◆ Your goal
Transcribe every line of the material below exactly, leaving out the pictures.

◆ Data shown
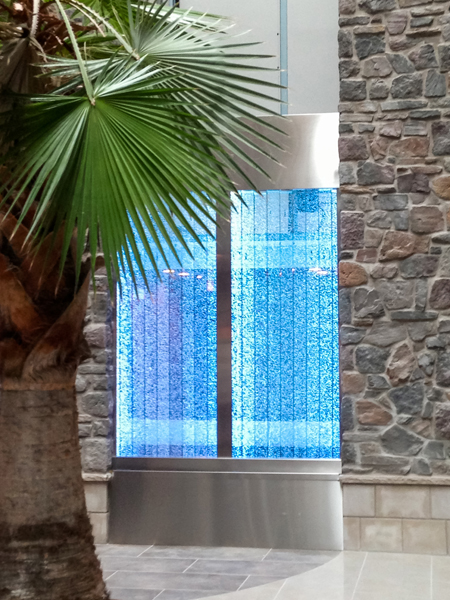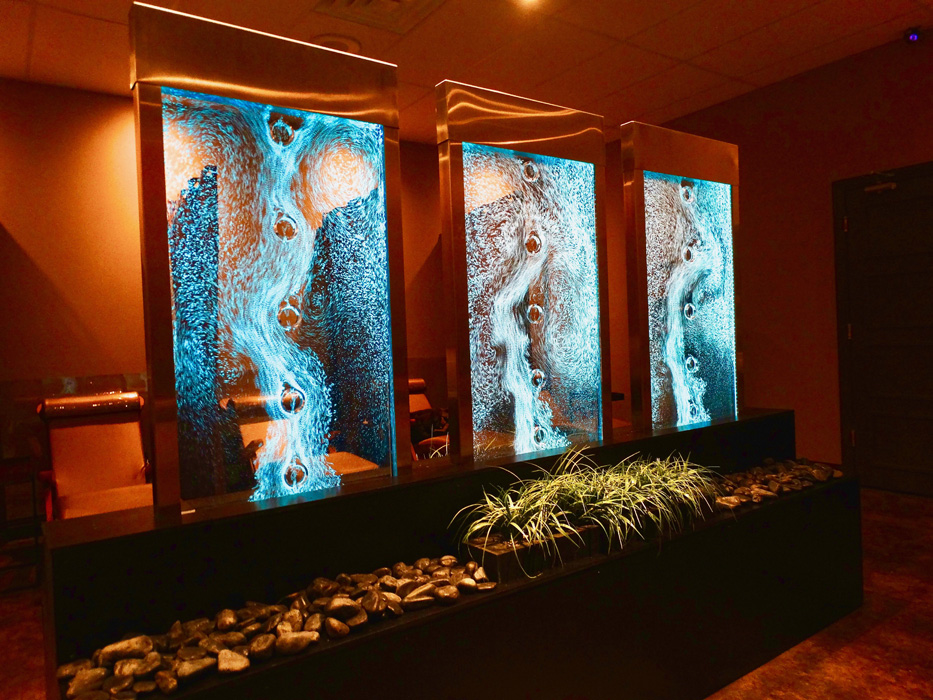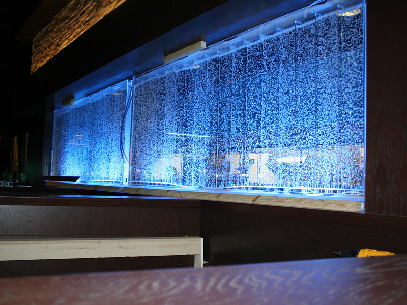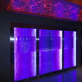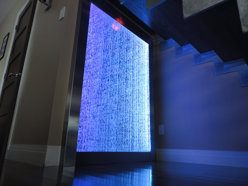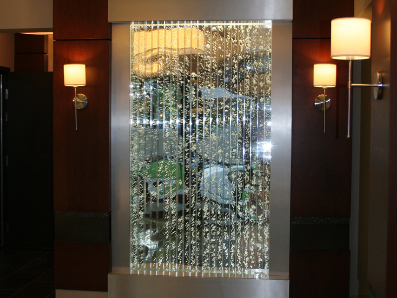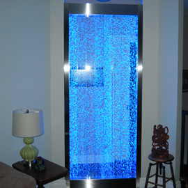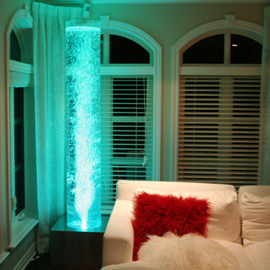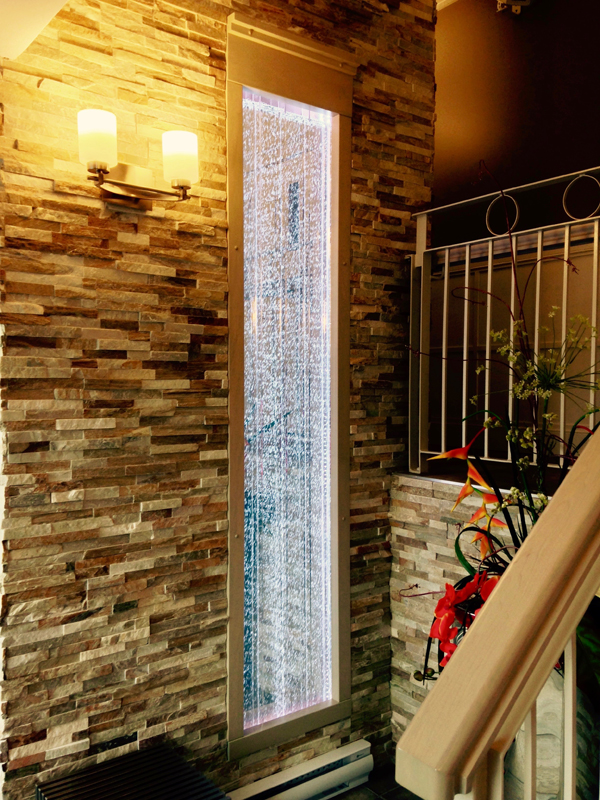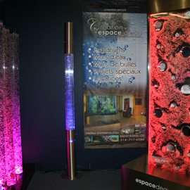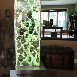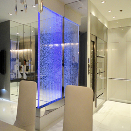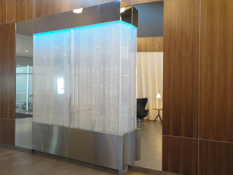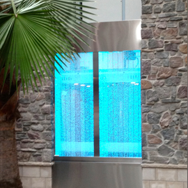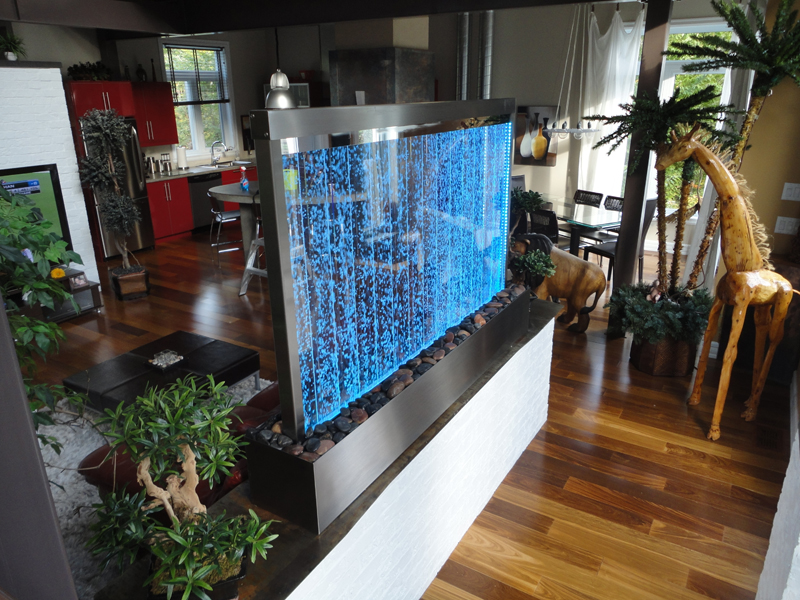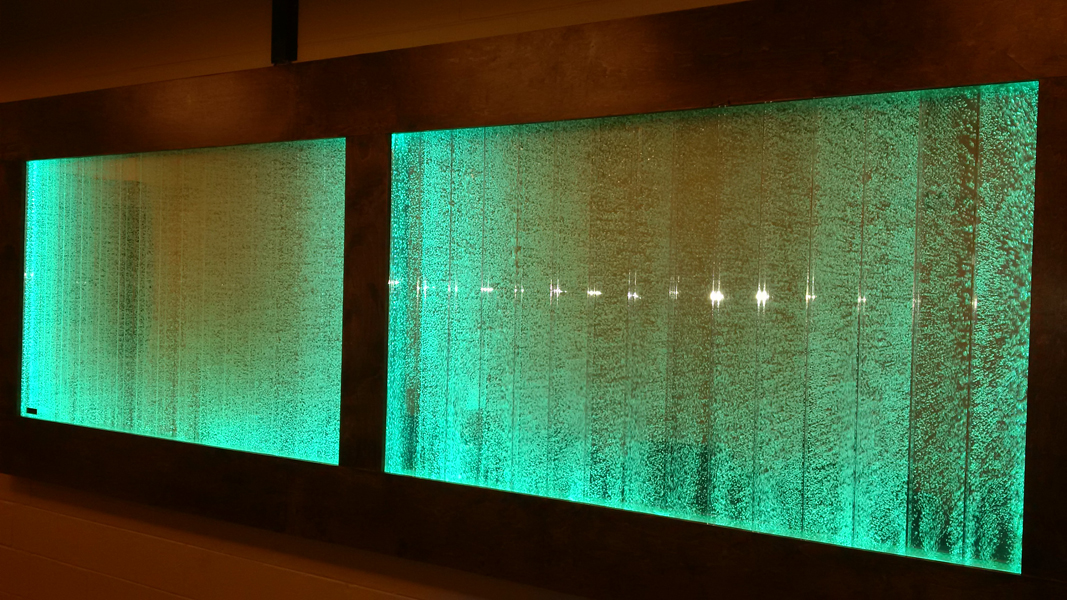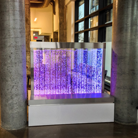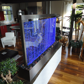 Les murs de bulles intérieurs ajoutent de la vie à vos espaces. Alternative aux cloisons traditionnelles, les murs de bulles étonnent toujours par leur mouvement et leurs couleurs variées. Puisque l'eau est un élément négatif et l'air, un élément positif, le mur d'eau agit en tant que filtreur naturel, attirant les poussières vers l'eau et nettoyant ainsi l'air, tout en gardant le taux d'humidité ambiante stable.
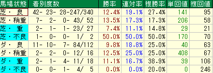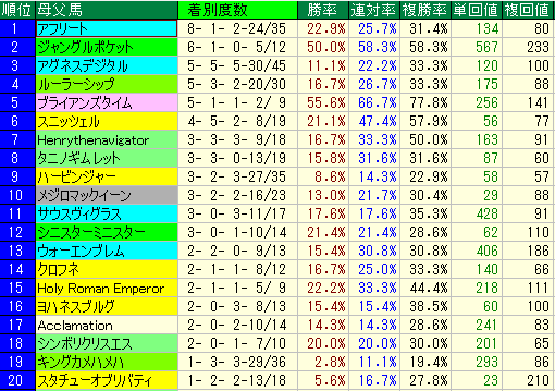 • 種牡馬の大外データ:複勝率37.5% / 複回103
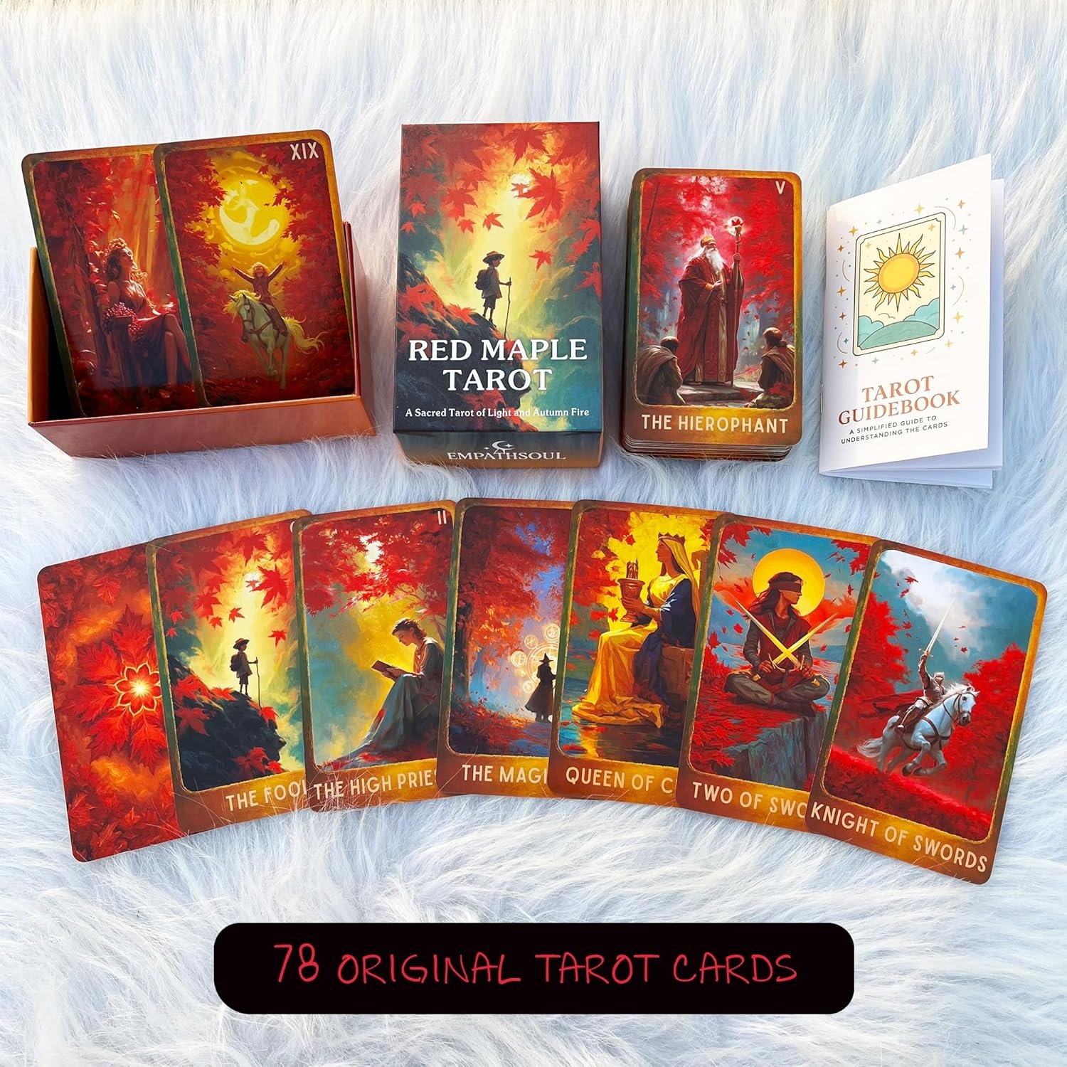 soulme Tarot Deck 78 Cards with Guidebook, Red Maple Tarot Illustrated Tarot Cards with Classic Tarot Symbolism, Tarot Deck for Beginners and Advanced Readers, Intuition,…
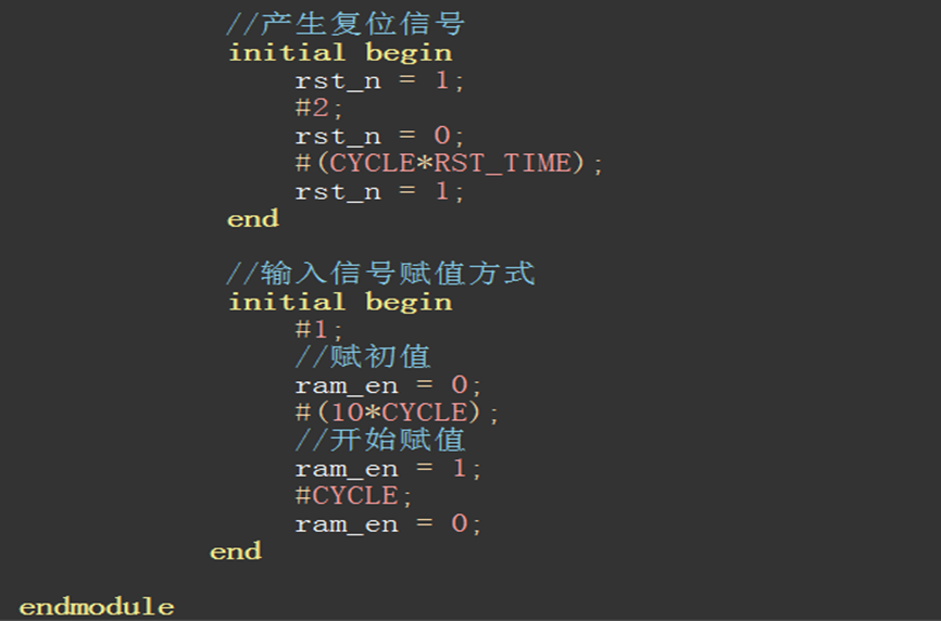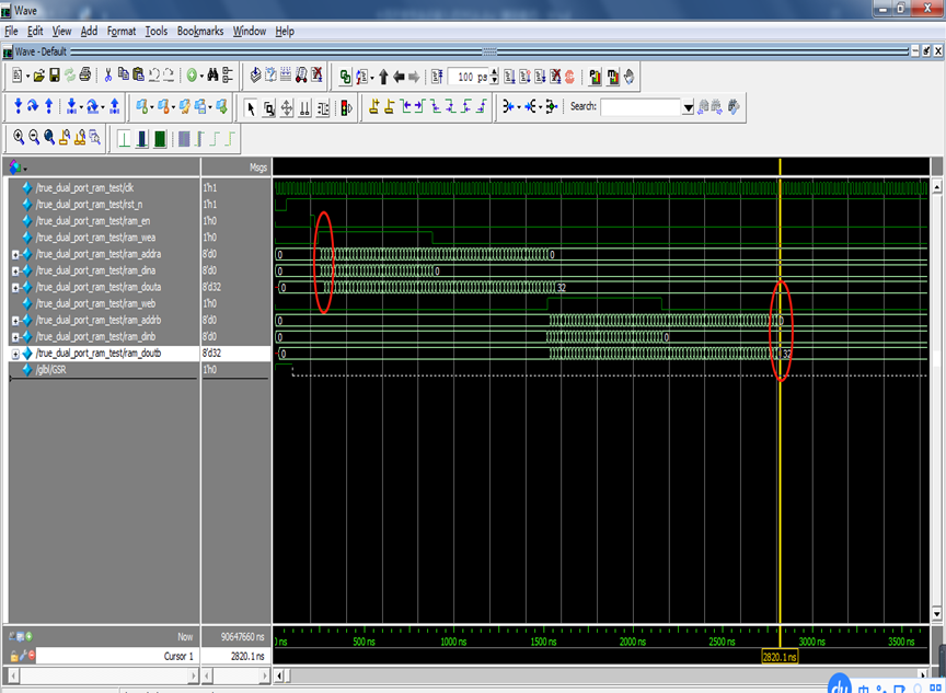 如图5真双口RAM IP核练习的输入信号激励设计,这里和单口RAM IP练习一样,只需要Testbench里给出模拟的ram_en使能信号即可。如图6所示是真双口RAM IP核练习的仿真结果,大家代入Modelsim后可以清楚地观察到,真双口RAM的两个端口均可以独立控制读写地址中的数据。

◆ Answer to this exercise
 Les murs de bulles intérieurs ajoutent de la vie à vos espaces. Alternative aux cloisons traditionnelles, les murs de bulles étonnent toujours par leur mouvement et leurs couleurs variées. Puisque l'eau est un élément négatif et l'air, un élément positif, le mur d'eau agit en tant que filtreur naturel, attirant les poussières vers l'eau et nettoyant ainsi l'air, tout en gardant le taux d'humidité ambiante stable.
 • 種牡馬の大外データ:複勝率37.5% / 複回103
 soulme Tarot Deck 78 Cards with Guidebook, Red Maple Tarot Illustrated Tarot Cards with Classic Tarot Symbolism, Tarot Deck for Beginners and Advanced Readers, Intuition,…
 如图5真双口RAM IP核练习的输入信号激励设计,这里和单口RAM IP练习一样,只需要Testbench里给出模拟的ram_en使能信号即可。如图6所示是真双口RAM IP核练习的仿真结果,大家代入Modelsim后可以清楚地观察到,真双口RAM的两个端口均可以独立控制读写地址中的数据。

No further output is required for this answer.